| Problem description |
The required output is the stretch from the line containing "A police officer" through the line containing "น้ำตกสายทิพย์" in the records below, unaltered and with no pictures.

| Exercise material |

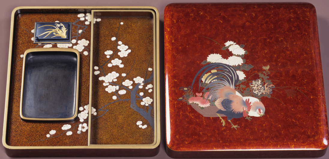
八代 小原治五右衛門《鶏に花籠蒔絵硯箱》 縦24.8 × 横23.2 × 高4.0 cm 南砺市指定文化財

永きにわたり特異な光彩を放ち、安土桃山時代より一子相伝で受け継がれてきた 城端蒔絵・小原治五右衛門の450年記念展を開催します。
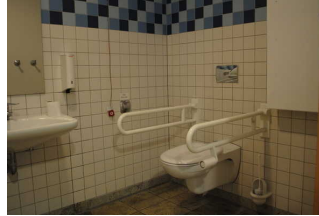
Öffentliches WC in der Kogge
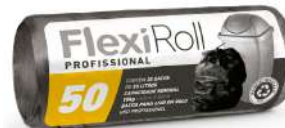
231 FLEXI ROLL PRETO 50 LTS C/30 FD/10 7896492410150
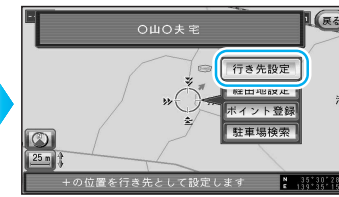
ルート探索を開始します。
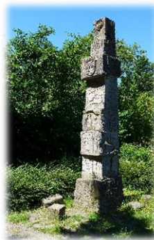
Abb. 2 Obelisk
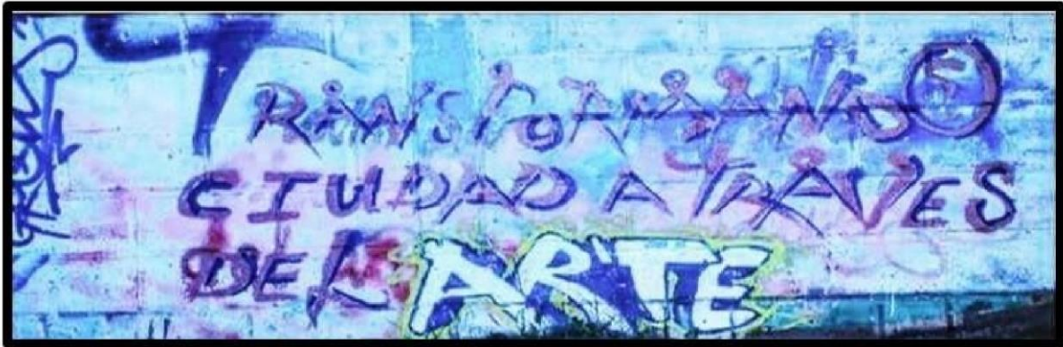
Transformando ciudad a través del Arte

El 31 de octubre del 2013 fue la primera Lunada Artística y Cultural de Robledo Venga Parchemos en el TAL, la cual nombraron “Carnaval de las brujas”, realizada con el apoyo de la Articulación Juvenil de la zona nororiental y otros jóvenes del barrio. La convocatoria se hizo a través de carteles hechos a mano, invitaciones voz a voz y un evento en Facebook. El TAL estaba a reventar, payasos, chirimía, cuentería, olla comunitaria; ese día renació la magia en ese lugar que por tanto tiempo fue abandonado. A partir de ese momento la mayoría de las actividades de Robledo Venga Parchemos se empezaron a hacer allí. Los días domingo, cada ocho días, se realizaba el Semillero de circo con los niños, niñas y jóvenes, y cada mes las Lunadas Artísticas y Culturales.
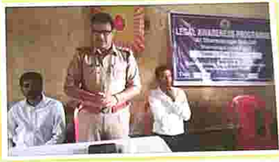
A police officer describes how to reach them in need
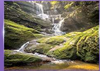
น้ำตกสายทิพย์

* * *

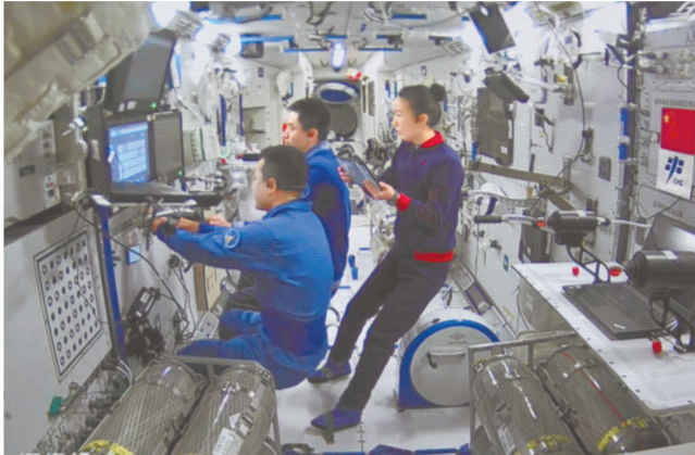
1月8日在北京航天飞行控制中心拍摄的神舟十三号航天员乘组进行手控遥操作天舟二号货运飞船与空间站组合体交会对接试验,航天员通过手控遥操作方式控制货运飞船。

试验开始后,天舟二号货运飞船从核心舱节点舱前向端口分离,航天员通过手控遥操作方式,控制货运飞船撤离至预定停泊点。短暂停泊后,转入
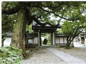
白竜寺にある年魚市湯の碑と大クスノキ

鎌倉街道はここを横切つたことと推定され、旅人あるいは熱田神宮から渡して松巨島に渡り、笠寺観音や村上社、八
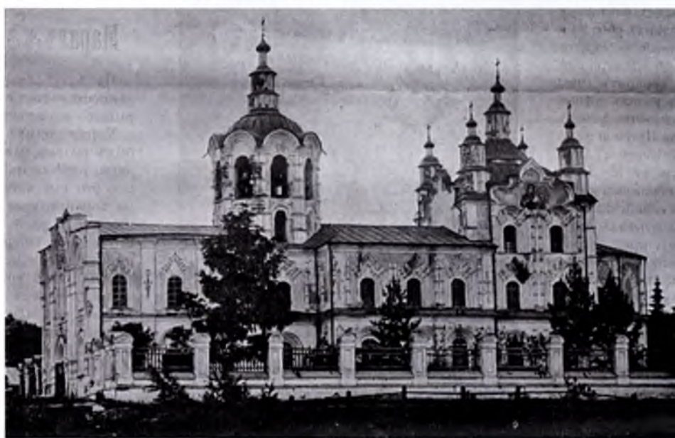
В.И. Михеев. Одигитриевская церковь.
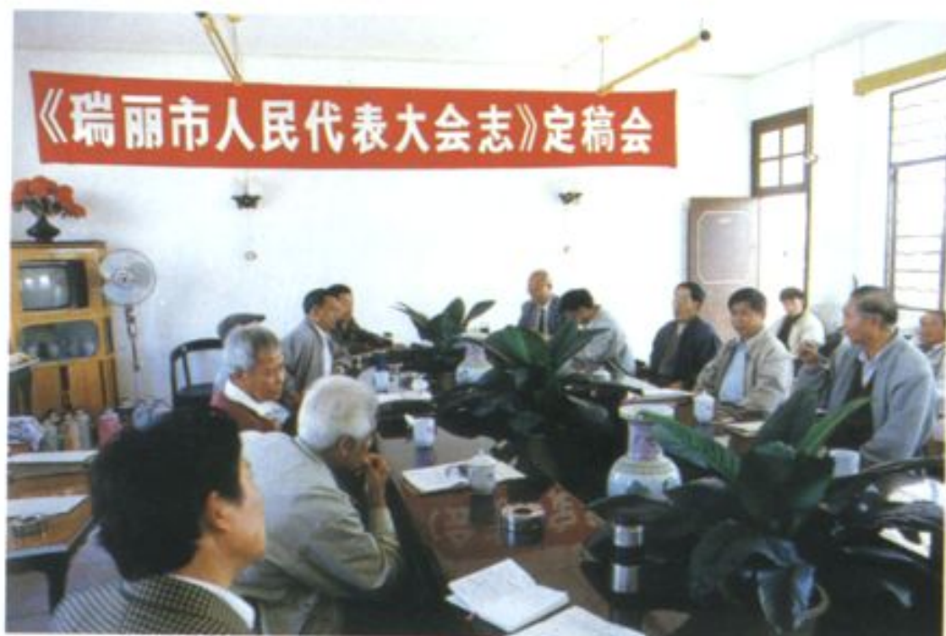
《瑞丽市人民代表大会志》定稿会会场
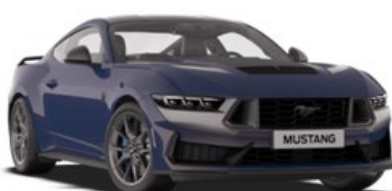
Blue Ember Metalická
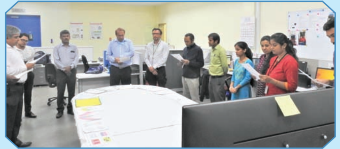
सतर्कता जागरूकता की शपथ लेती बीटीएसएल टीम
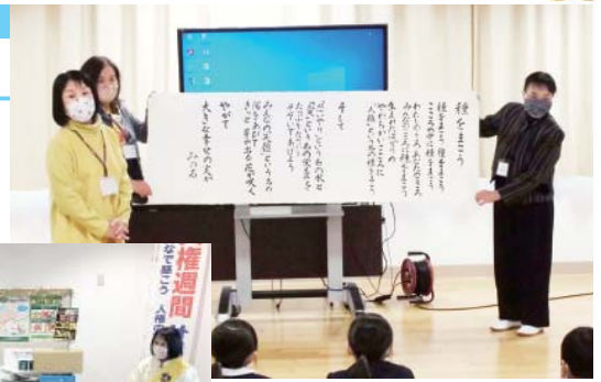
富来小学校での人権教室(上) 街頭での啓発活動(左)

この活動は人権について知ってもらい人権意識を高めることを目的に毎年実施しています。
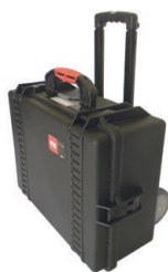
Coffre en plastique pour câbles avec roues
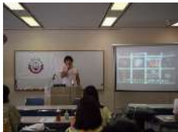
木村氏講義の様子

| Written answer |
A police officer describes how to reach them in need
น้ำตกสายทิพย์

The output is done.